Seeing this 1977 book again, one I had read in the mid-nineties after a trip to the Fontevraud Abbey, in turn reminded me of that trip from about 14 years ago. It was before I had begun this website and discovered digital photography.

But Eleanor had stuck in my mind, and my website was incomplete without her photo. So when I had the opportunity to drive from Paris to Fontevraud just a couple of years ago, I seized it and took my one photo of Eleanor (her likeness, that is, on her grave).

Another item I had not remembered from my reading long ago was the meeting between Eleanor and Bernard of Clairvaux.
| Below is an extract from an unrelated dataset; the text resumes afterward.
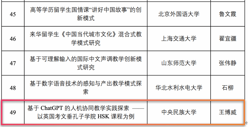 汉语国际教育专业2022级硕士研究生王博威的《基于ChatGPT的人机协同教学实践探索——以英国考文垂孔子学院HSK课程为例》喜获立项。

Bernard, the Saint, was rather mean and critical where Heloise was concerned, and he was Abelard’s second undoing. But when Eleanor met with this misogynist, she worked a bargain with him, according to this biography by Meade.

She promised to guide her husband into a more righteous path and he promised to implore the Lord to let her have an heir. According to Meade, she kept her end of the bargain, but the child she bore was a girl, not what was considered an heir in those times (see pages 64-67 in the biography by Meade).

I loved the description of Eleanor by Bernard (on page 65 of Meade’s book). He addressed her in an impersonal way suggesting she was like the . . . "daughters of Belial who put on airs, walk with heads high and, with mincing steps, got up and adorned like a temple,” . . . .  He also wrote this classy phrase suggesting she borrowed her . . .”appearance from the furs of animals and the work of worms.”

Meade observes that: “It is ironic that the only surviving physical [word-]portrait of Eleanor comes from a man who viewed her as a Babylonian harlot” . . . .

While I was looking for things I had forgotten, I looked for her description of the courts of love that Eleanor hosted, and was reminded of things that, when I read this book in earnest in the mid-nineties, I was not as interested in as I later became.

So I was surprised, this time, by Meade’s declaration that the book by the cleric Andreas Capellanus was actually dictated by Eleanor’s daughter, Marie, and reflected the thought of both Eleanor and Marie (pp. 252-253). When he had a chance to do so, Capellanus added the epilogue denouncing the book and all females that is part of the current version.

Meade characterizes the book in a way I would not, really, because I have a different set of sensibilities. She says of the book that it almost seems . . . “like a manifesto for some Amazon culture.”

Where I got seriously hung up with the Capellanus book is in its prescription that if you, noble-man, can’t contain yourself, then go rape a peasant girl. But for goodness-sake don’t tell her you love her. That sort of talk is reserved for noble ladies whom you must always respect and obey.

So what I had laid at the feet of poor Andreas C. I should have laid at the feet of Eleanor and Marie!

Class trumped sex in their minds! They were trying to protect noble ladies, like themselves. Peasants were peasants, born to be used.

I tend to take that personally, being a peasant.  But OK, Eleanor and Marie, you were a product of your time even though you (and I, previously) thought you were not!

Maybe the same is true for me, I can’t know.

These were the only things I looked at this time, in this fine biography.  But I will keep it close, for further reference.